During the first quarter, the Bank for International Settlements (BIS) surveyed 50 central banks about the potential use of central bank digital currencies (CBDC) for cross border payments. The indecisive results indicate it’s still early days, especially since most countries have yet to decide whether to launch a CBDC. But it looks like CBDCs might trigger greater foreign exchange controls.
One area where there was slightly more clarity was whether countries would allow incoming foreign visitors to use the local retail CBDC while visiting, as they would with physical cash. Only 29% of respondents had a clear view, made up of 25% saying visitors can use the CBDC, and 4% saying no.

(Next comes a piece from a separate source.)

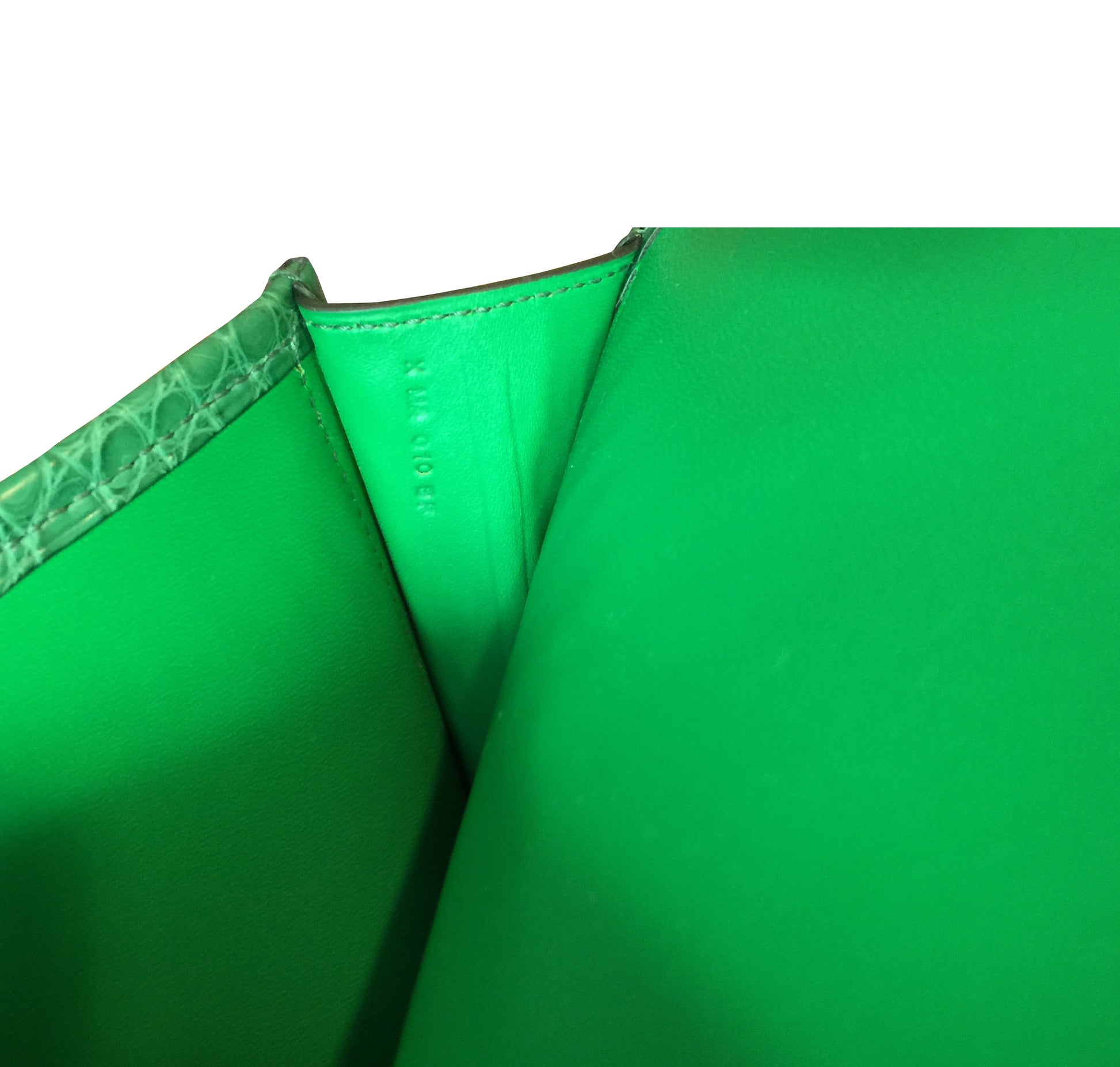 This extremely rare Hermès Jige Elan Clutch is crafted from exotic alligator skin throughout, including the signature Jige "H" closure. The bag boasts a striking cactus shade of green with a matte finish. A square signature stamp found next to the Hermès stamp is added to all alligator skin Hermès bags, while the "X" stamp inside the clutch indicates the year of manufacture as 2016. This pristine clutch has never been carried and comes with a CITES certificate.

This is a relatively simple decision because it maps to current habits.
There was far greater concern about allowing retail CBDC usage outside of the country because of a lack of control.
And even greater consternation about the potential for a foreign CBDC or global stablecoin to be used domestically. Apart from the economic impact of local dollarization, there were also concerns about a lack of traceability when it comes to tax collection if a foreign currency is being used locally.

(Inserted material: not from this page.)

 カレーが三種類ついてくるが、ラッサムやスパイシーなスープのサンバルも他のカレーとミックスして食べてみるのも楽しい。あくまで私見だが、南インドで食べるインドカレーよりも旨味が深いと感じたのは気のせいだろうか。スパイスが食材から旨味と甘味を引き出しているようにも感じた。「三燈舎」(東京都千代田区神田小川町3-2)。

Currently, 26% of respondent countries already have restrictions on the use of a foreign currency within their borders. Of the 66% that said they don’t have any restrictions, 39% of respondents said they’d contemplate imposing restrictions if CBDCs were introduced.
These survey results all relate to retail or mainstream use of CBDCs.
Meanwhile, several trials are exploring the use of a wholesale CBDC (banks only) for cross payments, referred to as a multi-CBDC (mCBDC). The survey asked whether the central bank was considering making its CBDC interoperable with foreign CBDCs for this purpose. The vast majority (70%) were either undecided or said maybe later. Another 28% said they were interested in interoperability and 2% said no.
Three of these wholesale mCBDC projects are currently ongoing. One is the trial between the Swiss National Bank and Banque de France for settling tokenized security transactions, Project Jura. Another is the mCBDC Bridge project between the central banks of Thailand, Hong Kong, China and the UAE. And a third is Project Dunbar, in which the Monetary Authority of Singapore is trialing a single DLT solution where banks can use multiple CBDCs for cross border payments. The BIS Innovation Hub is involved in all three.